Again: the final step in the proof supplies 'instinctively' with the argument λe swim(e, eagle ∩ fly). The event variable associated with 'fly' is inaccessible within the intersection that yields the subset of eagles such that each eagle flies.
ReplyDelete
Replies
Olaf K.September 15, 2013 at 2:01 AM
Maybe I am missing something but I am not sure I would interpret this as an alternative to the structural explanation. Compositionality is not a purely semantic notion, but refers to the syntax-semantics mapping. So although you can formulate the interpretaion of (2) (and the absent interpretation of (2)) in semantic terms, that does not mean that there is no implied reference to structure. The event variable of 'fly' cannot be picked up by 'instinctively' because 'fly' is interpreted as modifying 'eagles' before 'instinctively' is interpreted. The crucial word here is 'before'. That implies hierarchy, and the semantic type mismatch is a consequence of it.
ReplyDelete
Replies
UnknownSeptember 15, 2013 at 6:22 AM
@Olaf. thanks for your interest. I paste below the reply of my friend and hope this answers your question. I also recommend that you ask Norbert [or Robert Berwick] for an equally detailed analysis of the internal structure of the example on the minimalist view and for suggestions how this structure is implemented in human brains [in other words, ask them to put their cards on the table as well]

---------------------------
This comment reflects a serious misunderstanding of the structure of logical proof, unfortunately a common misconception among people who do not actually work in the proof theory of formal logic. The 'order' of the proof is irrelevant to the fact that the conclusions are a theorem of the assumptions. The fact that p --> q and p entails q \/ r is simply a consequence of the way in which the proof steps verify the correctness of the sequent p --> q |- q \/ r. 'Before' and after refer to the way one verifies theoremhood.
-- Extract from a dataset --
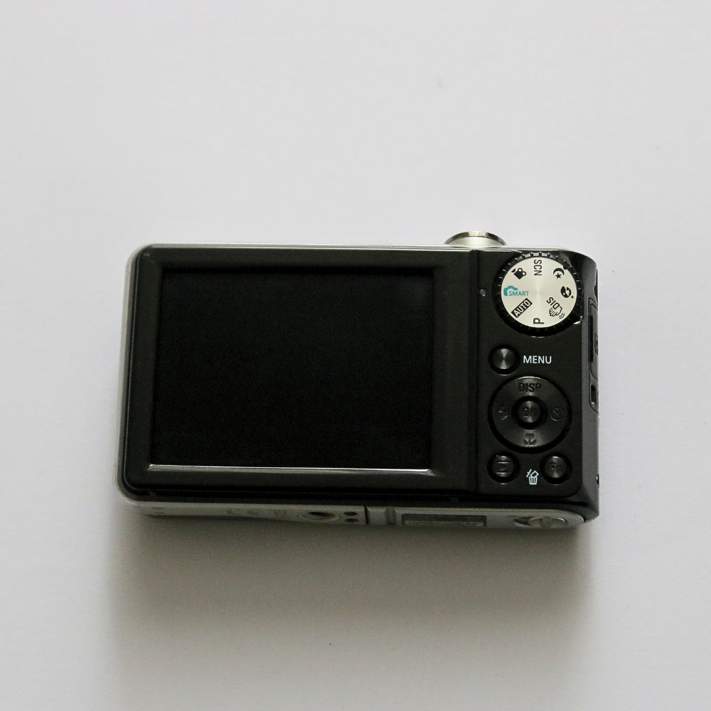 Una cámara compacta digital clásica del año 2010 capaz de capturar tanto fotografías como vídeos. Con flash incorporado, pantalla LCD y varios modos de disparo.

There are typically many ways to prove the same theorem in logic, all of them equally valid, though one can reify proofs as structured object and define normal forms and construct metatheorems, as in the work of Gabbay, Girard, and the study of proof nets; but that has nothing to do with the status of the theorems of first order logic themselves. And a proof in category logic, such as the one that is informally summarized in the previous note, works exactly like a natural deduction proof in propositional logic; \ and / are implication operators, and just as in standard proofs of theorems in (non)classical logics, the order of inference is simply a demonstration that the rules of the logic, which have themselves no order with respect to each other, guarantee and verify the entailment corresponding to the theorem. The writer seems to believe that if I have

p --> q |- p --> q, p |- p
-------------------------------- imp elim
p --> q, p |- q
-------------------------------- \/ intro
p --> q, p |- q \/ r
-------------------------------- imp intro
p --> q |- p --> (q \/ r)

then the theorem p ---> q |- p --> (q \/ r) depends on implication elimination applying 'before' implication introduction, or the inference p --> q, p |- q 'existing before' p --> q |- p --> (q \/ r). He needs to understand that that belief is incoherent: a logical proof applies inference rules in an order in any particular proof, but the order of the application of the rules has nothing to do with the theoremhood of the entailment relation between p and q when p |- q.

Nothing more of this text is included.